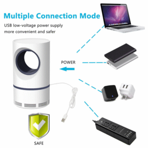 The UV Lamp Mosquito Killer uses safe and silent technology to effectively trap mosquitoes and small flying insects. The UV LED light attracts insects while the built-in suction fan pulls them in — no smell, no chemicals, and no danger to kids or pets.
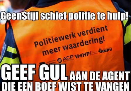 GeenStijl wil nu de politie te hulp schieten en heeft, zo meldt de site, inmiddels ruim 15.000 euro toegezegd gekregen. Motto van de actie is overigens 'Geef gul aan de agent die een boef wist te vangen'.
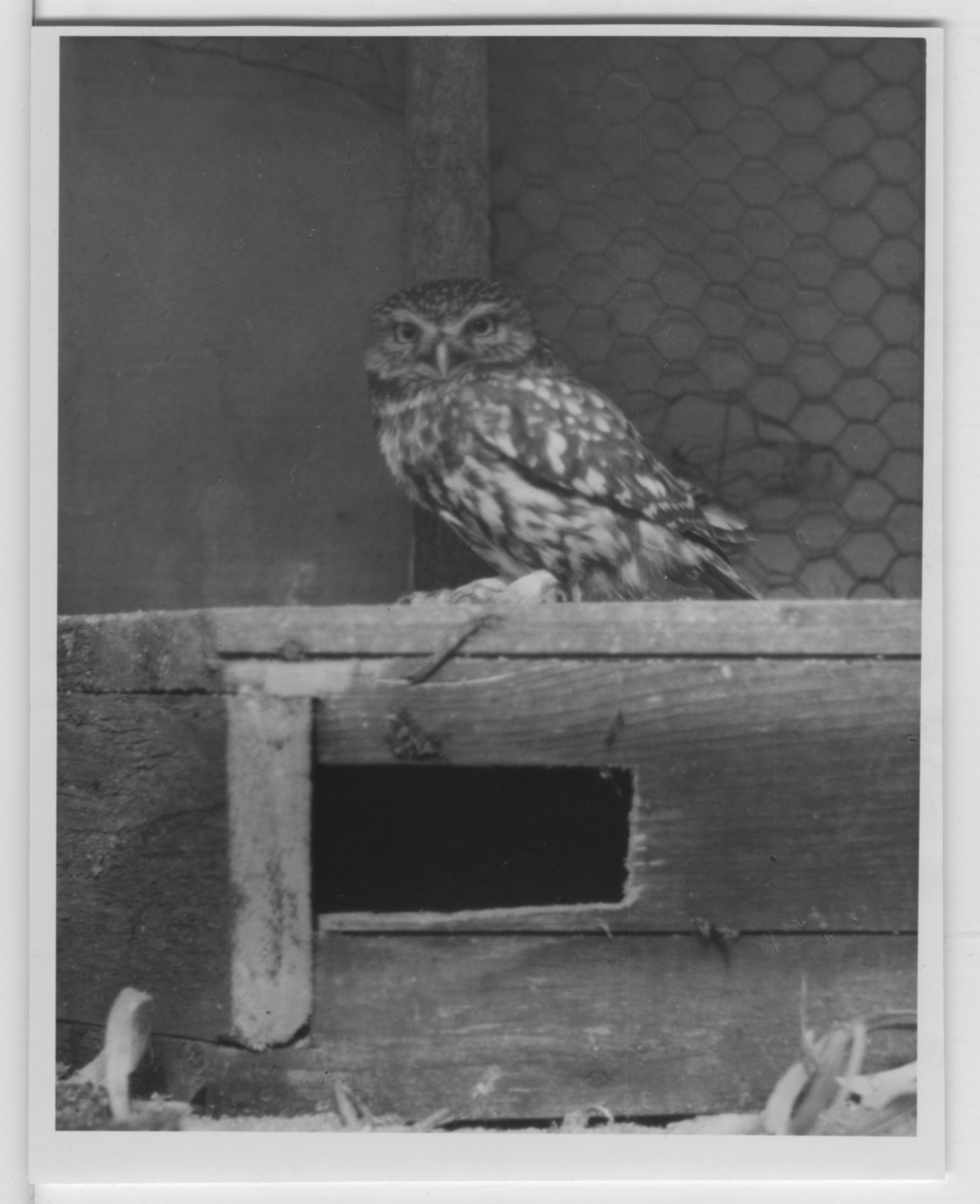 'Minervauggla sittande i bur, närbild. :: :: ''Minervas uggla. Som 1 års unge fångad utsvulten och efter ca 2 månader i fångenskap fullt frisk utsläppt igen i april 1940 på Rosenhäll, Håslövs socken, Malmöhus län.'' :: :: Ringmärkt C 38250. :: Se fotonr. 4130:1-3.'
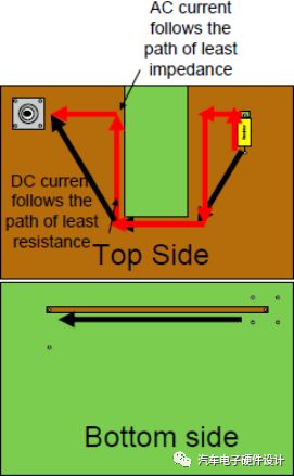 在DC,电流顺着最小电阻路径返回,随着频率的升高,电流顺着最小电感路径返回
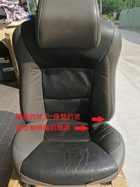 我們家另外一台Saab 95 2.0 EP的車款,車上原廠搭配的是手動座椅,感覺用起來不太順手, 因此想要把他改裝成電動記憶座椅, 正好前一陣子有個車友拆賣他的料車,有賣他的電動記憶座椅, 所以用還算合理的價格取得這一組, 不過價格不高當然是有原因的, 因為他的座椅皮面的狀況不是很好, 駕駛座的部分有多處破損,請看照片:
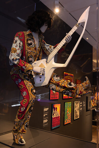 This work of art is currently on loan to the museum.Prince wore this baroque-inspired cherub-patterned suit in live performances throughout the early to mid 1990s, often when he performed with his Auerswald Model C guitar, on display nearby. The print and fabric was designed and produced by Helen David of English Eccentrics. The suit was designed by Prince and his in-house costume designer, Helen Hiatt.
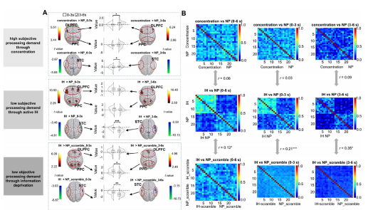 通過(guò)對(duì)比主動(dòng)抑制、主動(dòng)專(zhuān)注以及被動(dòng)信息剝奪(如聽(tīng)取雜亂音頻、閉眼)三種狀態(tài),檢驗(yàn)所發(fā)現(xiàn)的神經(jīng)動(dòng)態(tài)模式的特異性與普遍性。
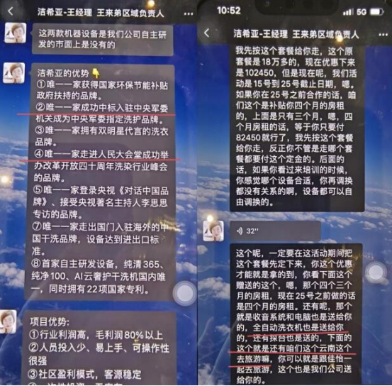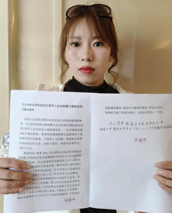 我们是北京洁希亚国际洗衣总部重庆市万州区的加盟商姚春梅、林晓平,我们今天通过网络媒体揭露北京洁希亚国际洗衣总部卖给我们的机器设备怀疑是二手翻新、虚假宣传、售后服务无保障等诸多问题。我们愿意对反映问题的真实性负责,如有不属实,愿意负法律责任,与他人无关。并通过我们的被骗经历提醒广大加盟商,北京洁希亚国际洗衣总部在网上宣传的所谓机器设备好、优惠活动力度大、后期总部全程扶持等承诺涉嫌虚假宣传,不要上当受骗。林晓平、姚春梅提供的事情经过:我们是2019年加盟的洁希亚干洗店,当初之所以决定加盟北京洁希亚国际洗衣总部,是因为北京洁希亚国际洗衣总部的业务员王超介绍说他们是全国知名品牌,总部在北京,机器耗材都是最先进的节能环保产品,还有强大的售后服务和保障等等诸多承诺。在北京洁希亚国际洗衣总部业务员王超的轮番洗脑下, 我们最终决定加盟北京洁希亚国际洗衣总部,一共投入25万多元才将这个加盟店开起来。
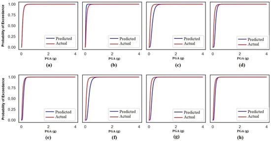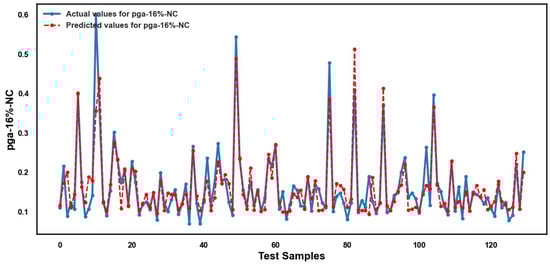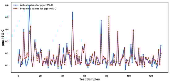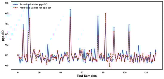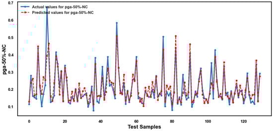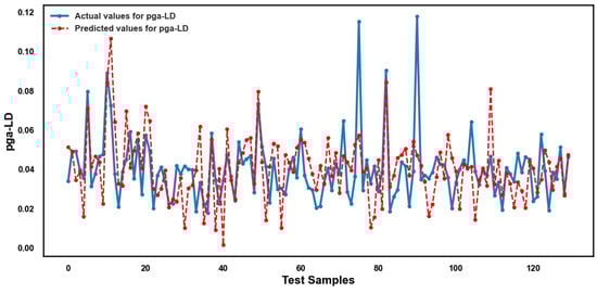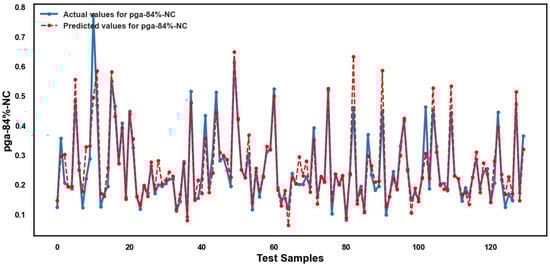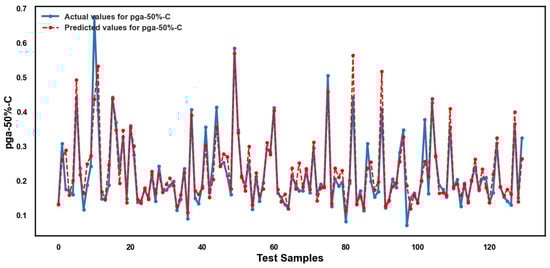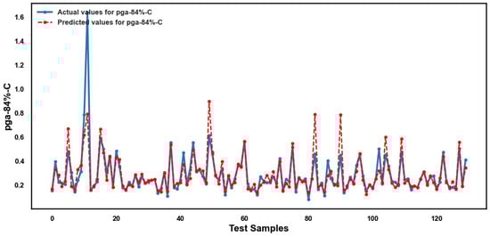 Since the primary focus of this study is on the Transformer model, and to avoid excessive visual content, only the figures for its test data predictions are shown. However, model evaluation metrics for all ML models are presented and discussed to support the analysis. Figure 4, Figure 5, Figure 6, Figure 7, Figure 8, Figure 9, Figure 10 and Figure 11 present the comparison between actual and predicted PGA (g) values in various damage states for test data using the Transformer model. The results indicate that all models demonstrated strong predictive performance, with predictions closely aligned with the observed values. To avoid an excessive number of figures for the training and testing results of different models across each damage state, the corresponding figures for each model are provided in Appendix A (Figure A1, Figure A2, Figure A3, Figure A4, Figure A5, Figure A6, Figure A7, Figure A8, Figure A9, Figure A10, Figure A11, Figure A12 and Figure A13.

--

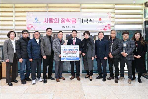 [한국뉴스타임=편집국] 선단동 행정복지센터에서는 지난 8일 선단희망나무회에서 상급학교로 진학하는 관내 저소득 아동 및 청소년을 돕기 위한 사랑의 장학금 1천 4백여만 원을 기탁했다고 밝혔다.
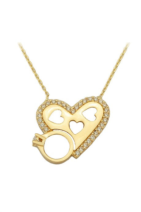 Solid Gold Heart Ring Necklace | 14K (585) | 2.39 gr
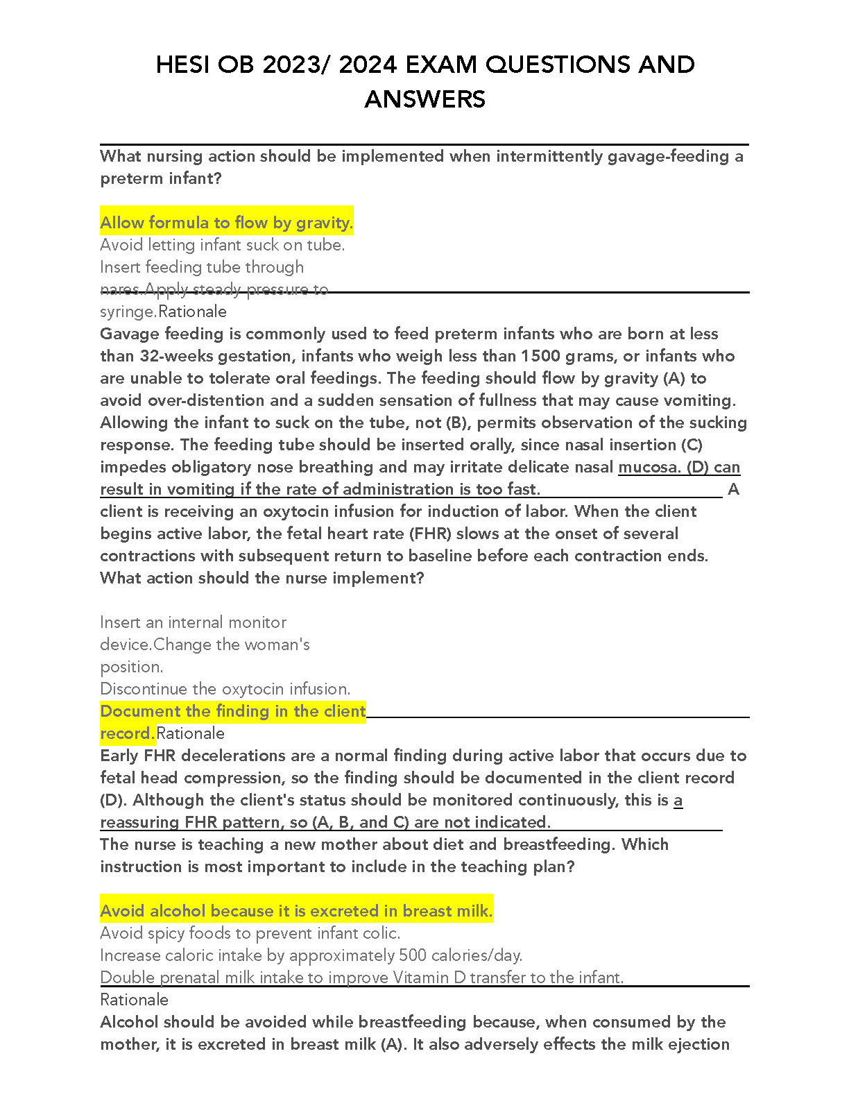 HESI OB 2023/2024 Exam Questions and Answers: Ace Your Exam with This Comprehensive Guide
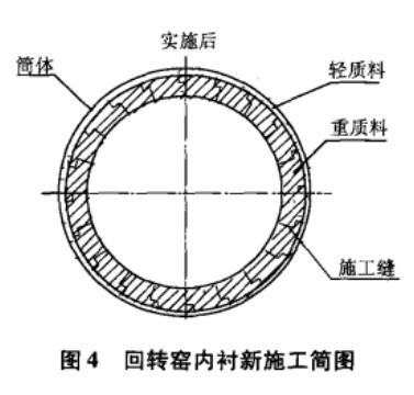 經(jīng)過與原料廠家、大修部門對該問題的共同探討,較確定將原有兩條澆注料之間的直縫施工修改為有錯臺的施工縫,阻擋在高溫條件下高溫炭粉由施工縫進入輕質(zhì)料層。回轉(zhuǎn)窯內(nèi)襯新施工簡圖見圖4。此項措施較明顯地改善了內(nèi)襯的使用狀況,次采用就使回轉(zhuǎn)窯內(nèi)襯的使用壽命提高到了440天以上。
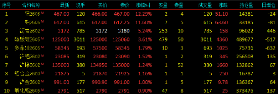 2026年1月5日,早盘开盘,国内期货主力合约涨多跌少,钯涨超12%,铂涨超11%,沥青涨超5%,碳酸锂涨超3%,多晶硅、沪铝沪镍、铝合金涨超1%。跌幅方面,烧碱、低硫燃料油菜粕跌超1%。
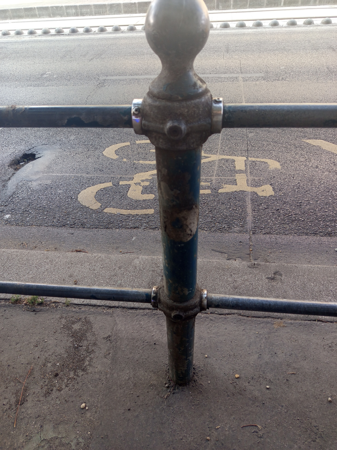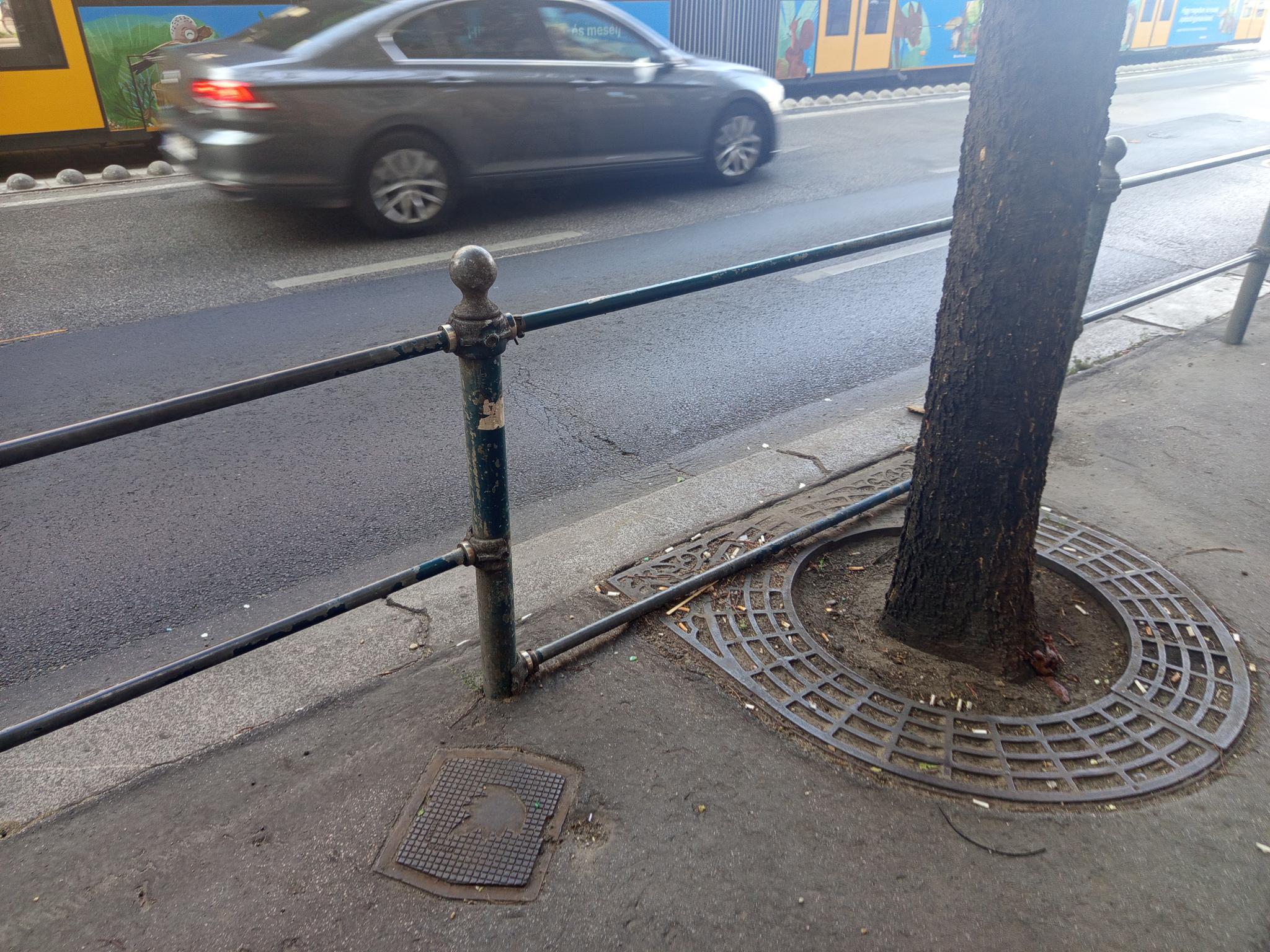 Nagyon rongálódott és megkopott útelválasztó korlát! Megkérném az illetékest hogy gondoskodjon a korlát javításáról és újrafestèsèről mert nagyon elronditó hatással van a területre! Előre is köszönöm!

_AIM OF THE EXERCISE_
The answer must be the lines above from the one containing "2026年1月5日,早盘开盘" through the one containing "Nagyon rongálódott és", reproduced exactly, with no pictures and nothing else.

_SOLUTION TO THIS PROBLEM_
 2026年1月5日,早盘开盘,国内期货主力合约涨多跌少,钯涨超12%,铂涨超11%,沥青涨超5%,碳酸锂涨超3%,多晶硅、沪铝沪镍、铝合金涨超1%。跌幅方面,烧碱、低硫燃料油菜粕跌超1%。
 Nagyon rongálódott és megkopott útelválasztó korlát! Megkérném az illetékest hogy gondoskodjon a korlát javításáról és újrafestèsèről mert nagyon elronditó hatással van a területre! Előre is köszönöm!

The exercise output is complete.